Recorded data

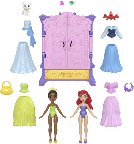 Ariel and Tiana small dolls (3.5 inches) each come with two looks inspired by the Disney movie, plus fashion accessories like a purse and necklace and pretty flower pieces to decorate them with. Fashions and accessories can be stored in the wardrobe that includes pegs for hanging clothes and a large drawer that pulls open.
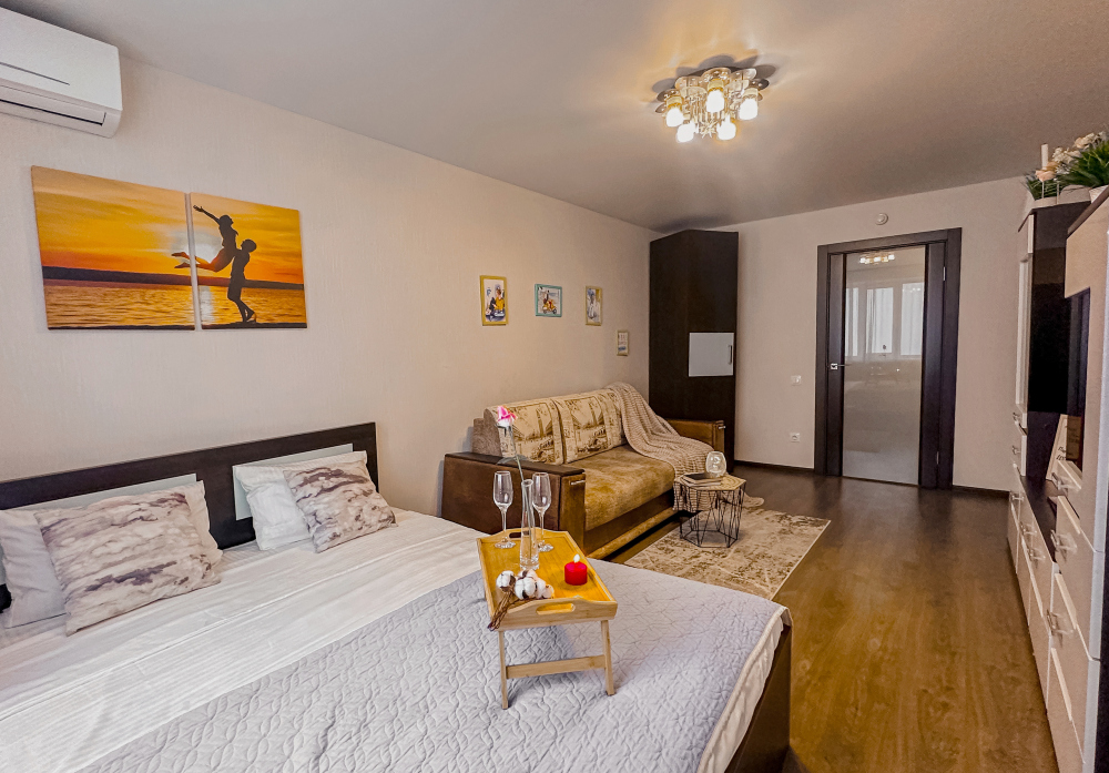 Вас ожидает: идеальная чистота, свежие постельные бельё и полотенца, полностью оборудованная кухня, микроволновая печь, холодильник, стиральная машина, утюг, гладильная доска, фен, кондиционер, Smart-TV, высокоскоростной интернет Wi-Fi.
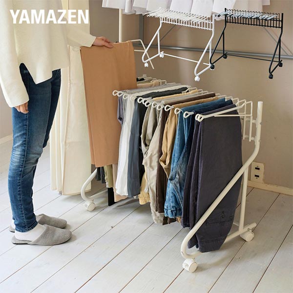 スラックスハンガー パンツラック 跡がつかない 20本 キャスター コンパクト ハンガーラック パンツハンガー クローゼット 押し入れ パンツラック 山善 YAMAZEN
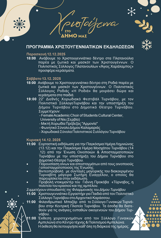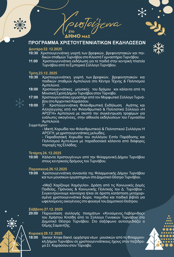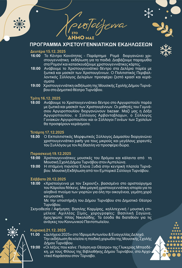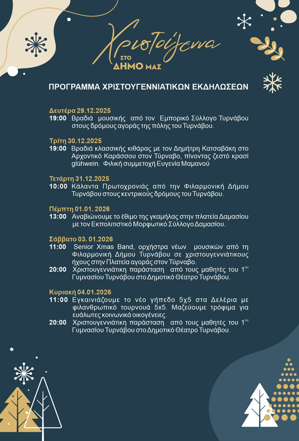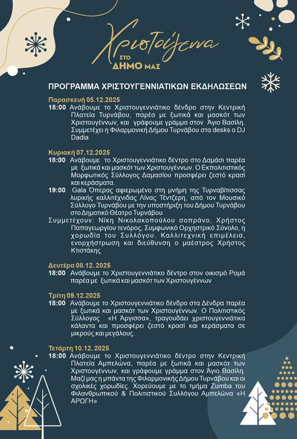 Σε χριστουγεννιάτικη ατμόσφαιρα βρίσκεται ο Δήμος Τυρνάβου, καθώς πλήθος εκδηλώσεων έχουν προγραμματιστεί για να γιορτάσουμε τον ερχομό των Χριστουγέννων και της νέας χρονιάς.
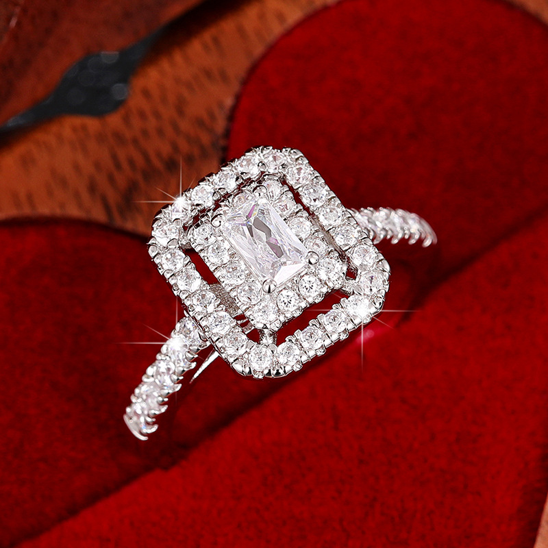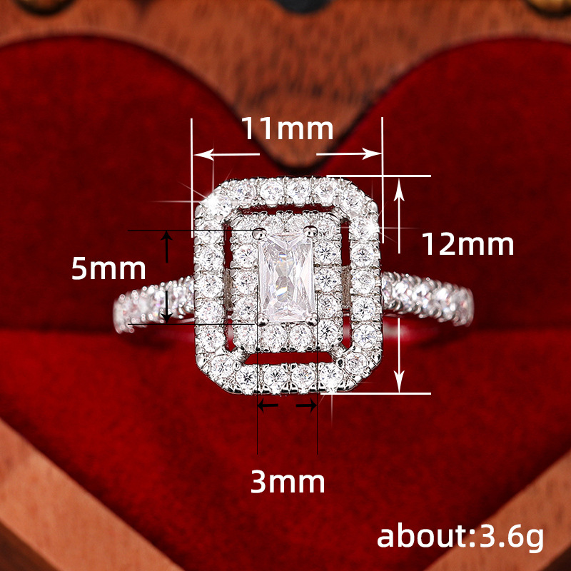 Hot selling new princess square ring European and American hot style inlaid zircon women's jewelry engagement proposal ring
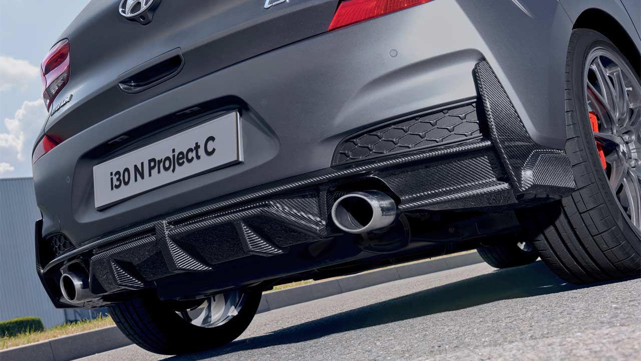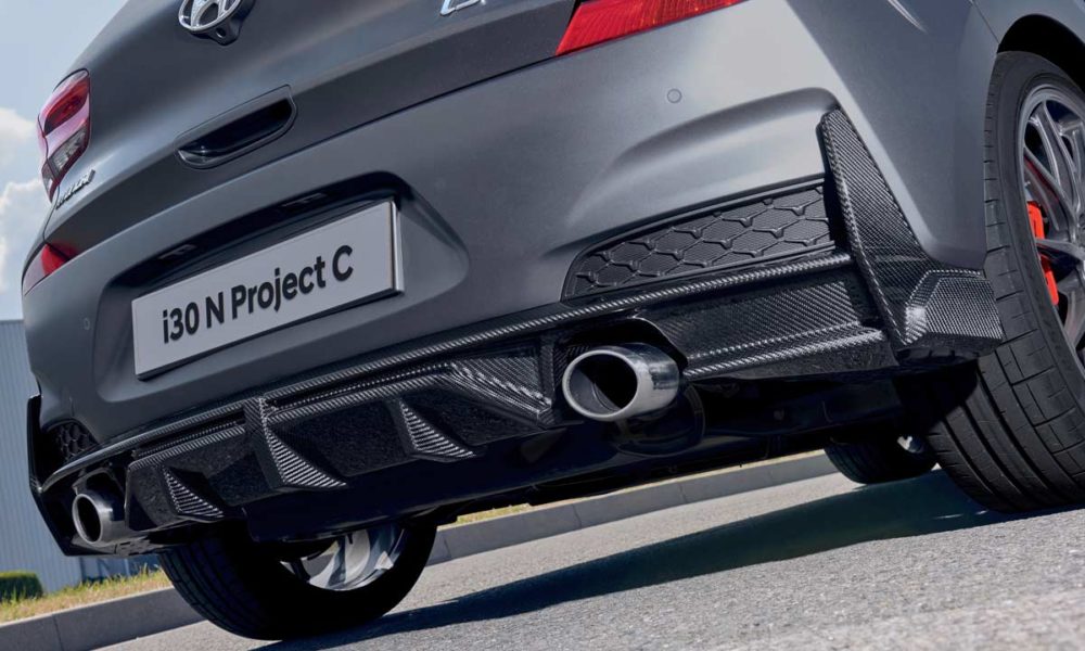 The bonnet (-7.2 kg), both side sills (-499 grams each), front splitter (+240 grams), newly designed rear diffuser (-386 grams), and 19-inch OZ racing wheels (-22 kg) have all resulted in shaving off the weight. The Project C’s kerb weight is 1,395 kg (vs 1,429 – 1,509 kg of 275 PS i30 N).
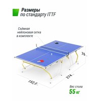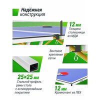 | Подробная комплектация | стол, сетка нейлон, 2 ракетки, 3 шарика |
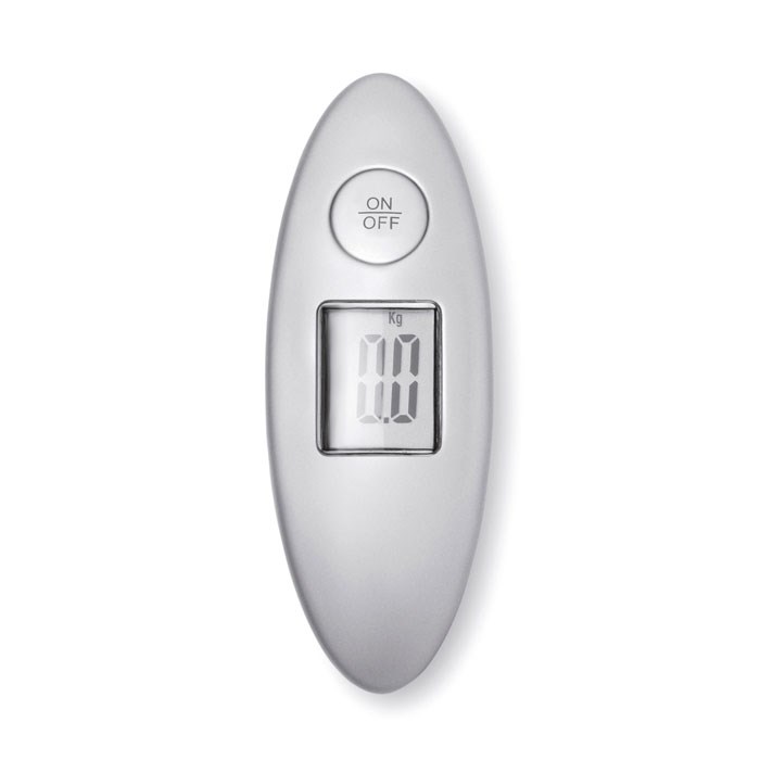 Bagage weegschaal in ABS behuizing. Maximale gewicht: 40 kg. Meet in kilogrammen en ponden. Inclusief 1 knoopcelbatterij. Individueel verpakt in een zilverkleurig kartonnen doosje.

EXERCISE OBJECTIVE: Reproduce the lines above starting at the one with "Вас ожидает: идеальная" and ending at the one with "Σε χριστουγεννιάτικη ατμόσφαιρα", both included, exactly and with no pictures.

PROBLEM SOLUTION:
 Вас ожидает: идеальная чистота, свежие постельные бельё и полотенца, полностью оборудованная кухня, микроволновая печь, холодильник, стиральная машина, утюг, гладильная доска, фен, кондиционер, Smart-TV, высокоскоростной интернет Wi-Fi.
 スラックスハンガー パンツラック 跡がつかない 20本 キャスター コンパクト ハンガーラック パンツハンガー クローゼット 押し入れ パンツラック 山善 YAMAZEN
 Σε χριστουγεννιάτικη ατμόσφαιρα βρίσκεται ο Δήμος Τυρνάβου, καθώς πλήθος εκδηλώσεων έχουν προγραμματιστεί για να γιορτάσουμε τον ερχομό των Χριστουγέννων και της νέας χρονιάς.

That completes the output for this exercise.